TASK GOAL - Nothing but the lines from the one with "Набор Звезды Бумажные- HM-123" down to the one with "Грибы на старом" should be returned, exactly and with both ends included, from the material below.

EXERCISE MATERIALS -
BEGIN

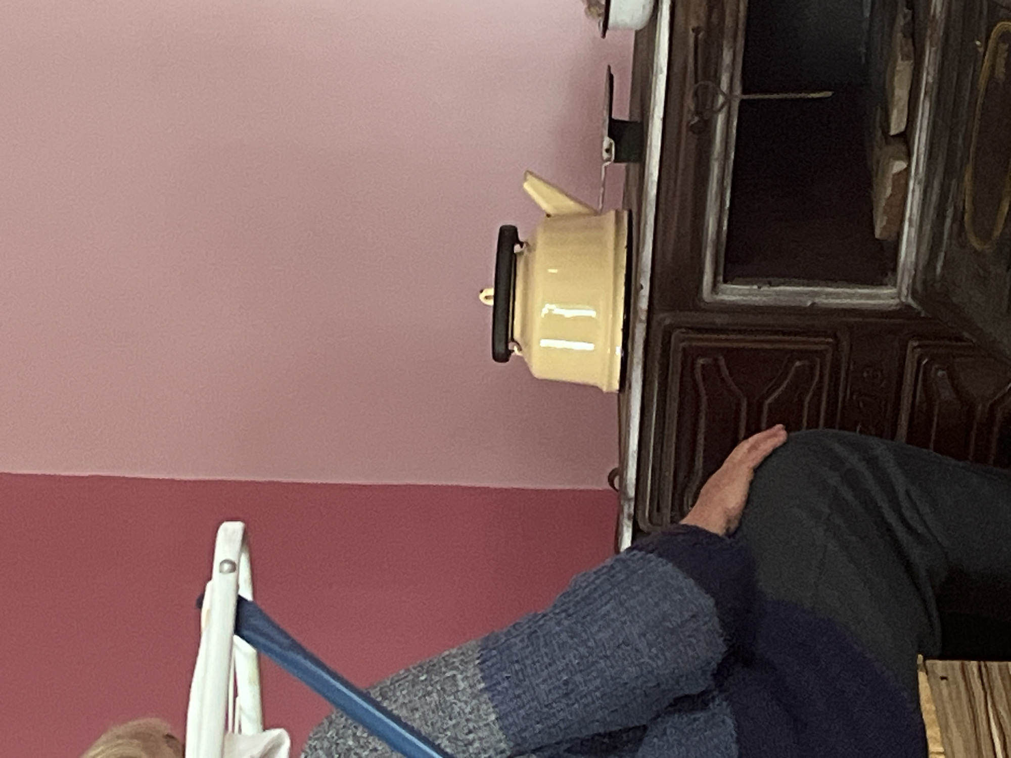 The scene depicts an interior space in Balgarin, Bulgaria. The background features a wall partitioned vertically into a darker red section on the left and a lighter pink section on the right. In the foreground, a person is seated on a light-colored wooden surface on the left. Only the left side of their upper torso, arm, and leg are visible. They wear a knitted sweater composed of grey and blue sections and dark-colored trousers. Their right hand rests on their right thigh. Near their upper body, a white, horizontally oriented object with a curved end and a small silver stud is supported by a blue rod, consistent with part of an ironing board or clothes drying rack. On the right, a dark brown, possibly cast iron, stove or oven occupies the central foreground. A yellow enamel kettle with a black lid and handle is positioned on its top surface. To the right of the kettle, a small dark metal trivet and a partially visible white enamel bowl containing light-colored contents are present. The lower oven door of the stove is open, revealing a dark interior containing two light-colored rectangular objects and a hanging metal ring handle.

END
BEGIN

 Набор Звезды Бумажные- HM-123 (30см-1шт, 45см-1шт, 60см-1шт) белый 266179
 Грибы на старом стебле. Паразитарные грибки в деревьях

END

WRITTEN ANSWER -
 Набор Звезды Бумажные- HM-123 (30см-1шт, 45см-1шт, 60см-1шт) белый 266179
 Грибы на старом стебле. Паразитарные грибки в деревьях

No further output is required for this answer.